Dessert Diet Options
It happens to almost every single dieter out there – you’re going about your diet plan, doing everything practically perfectly, and then a craving strikes. Perhaps it’s for a piece of chocolate cake. Maybe it’s for some cookies. Or, you could be craving the largest slice of cheesecake on the face of the planet.
Whatever your sweet tooth wants, you have a craving for food you shouldn’t have, and it’s all you can think about.
What do you do?
Do you let this strong feeling cause you to veer off your diet, enjoy every second of it while you indulge, but then deal with the feelings of guilt after? If that’s your typical course of action, you need to set a better pattern in place.
Rather than feeling miserable about satisfying your love of dessert, why not think up a healthier option? If you get creative, there are plenty of choices out there that you can dig into instead.

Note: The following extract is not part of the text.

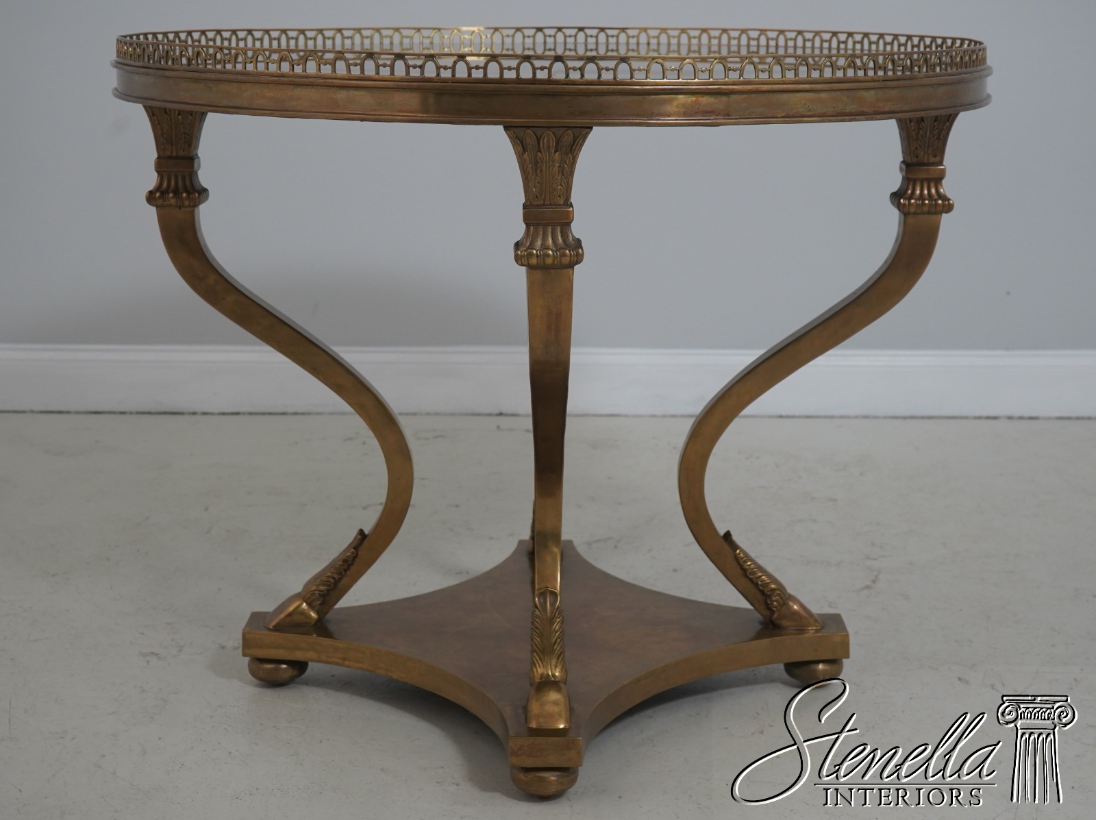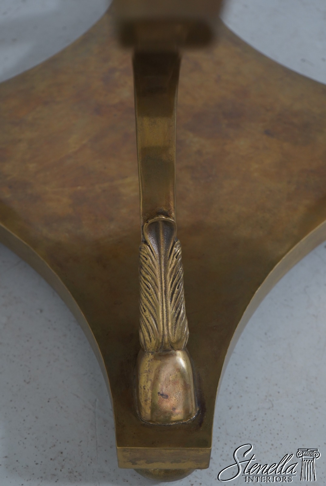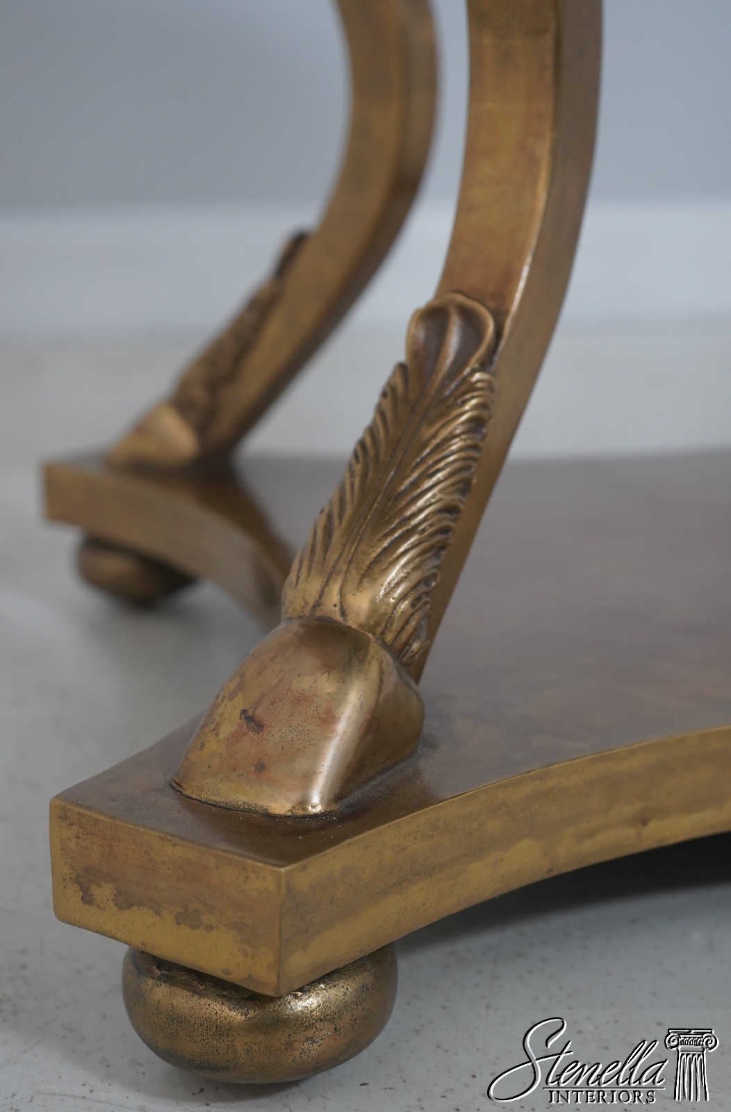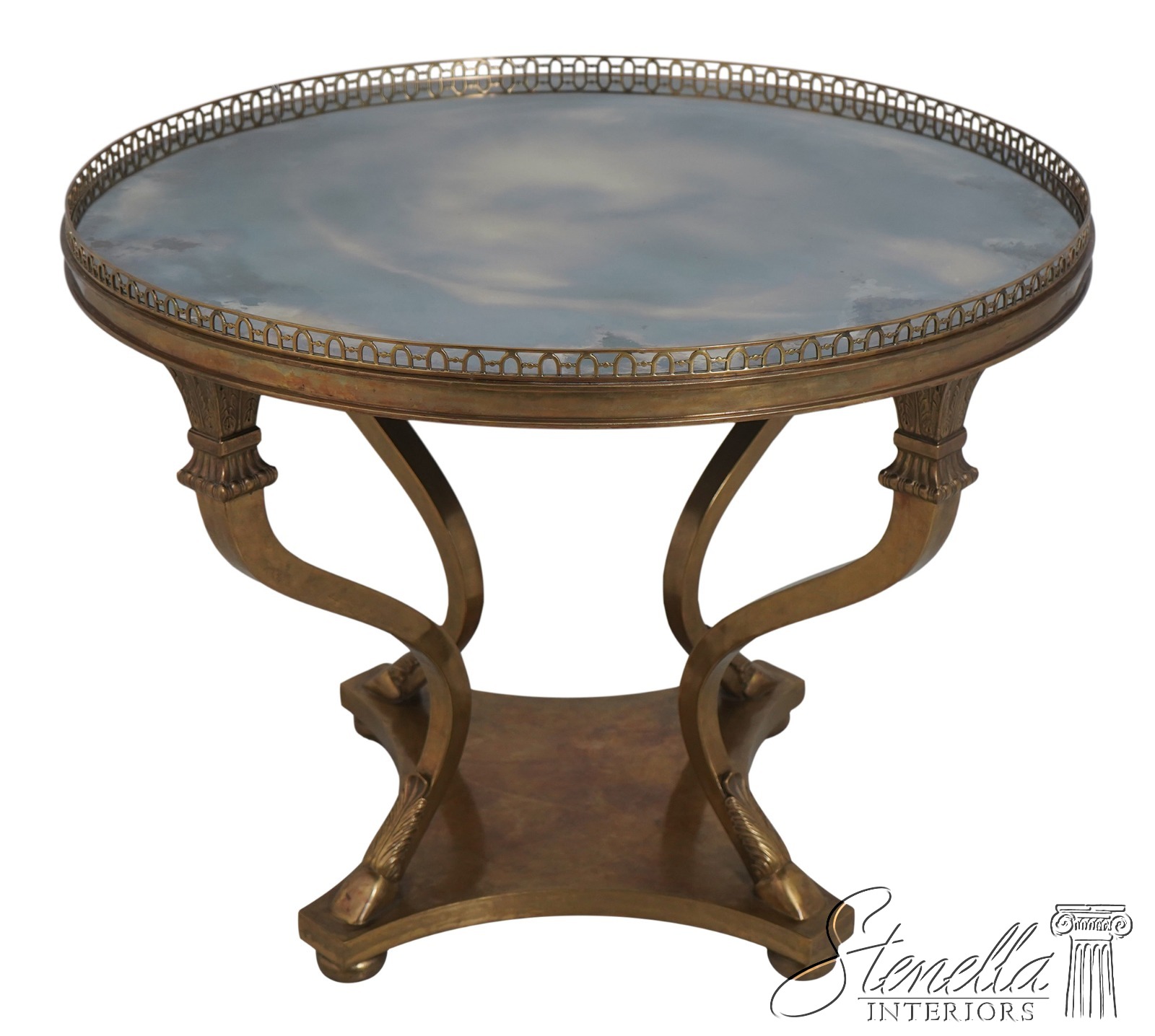 Details: In The Manner Of Maison Jansen High Quality Construction Distressed Mirror Glass Top Heavy Bronze Base Hoof Feet On Platform Base Offered @ Fraction Original Retail Cost

Prepare a box of low-sugar, fat-free pudding according to package directions, adding a scoop of chocolate protein powder into the mix.
Fruit with vanilla yoghurt. Dress up healthy fruit with vanilla yoghurt, but don’t use the pre-flavored kind, which is full of added sugar. Simply mix one cup chopped fruit with 1/2 cup plain non-fat yoghurt and 1/2 tsp. pure vanilla extract.
Mix together oatmeal, protein powder, honey and natural peanut butter into small balls, and then serve as a protein-packed, sweet treat.
One ounce of very dark chocolate.
Dark chocolate contains plenty of antioxidants and is a healthy choice as long as you consume it in moderation.
Prepare a mug of hot chocolate. With 8 oz. low-fat milk, use chocolate protein powder rather than the sugar-filled cocoa mix.
Starting with reduced-fat cream cheese, add some low-calorie sweetener like stevia, a small amount of Greek yogurt, and a swirl of natural fruit spread (essentially a no-sugar-added jam).
Prepare a healthy shake using one scoop of chocolate protein powder, 1/2 cup Greek yoghurt, 1/2 cup skim milk, 1/2 tsp. vanilla extract, 2–3 ice cubes and 1/2 tsp. Xanthan gum. It’ll be thick just like the real thing.
Baked cinnamon apples.
Slice up an apple, sprinkle with cinnamon and powdered low-calorie sweetener, and place in the oven to bake for 5–10 minutes or until tender.
Sweet potato fries.
Cut up a sweet potato, sprinkle with cinnamon and a small amount of brown sugar, and then bake until crispy.
Combine a scoop of unflavored protein powder with two egg whites, and cook like a typical pancake. Smear with peanut butter, and top with a sliced banana.
The Bottom Line:
Little did you know you could have so many dessert choices even as you go about your weight loss diet plan. If you select these rather than the typical high-sugar, high-calorie choices, you can easily satisfy your cravings while hardly making a dent in your diet plan.
Just remember to account for the calories in your total intake, and you will easily be able to give into temptation from time to time so your appetite stays in check for the long haul.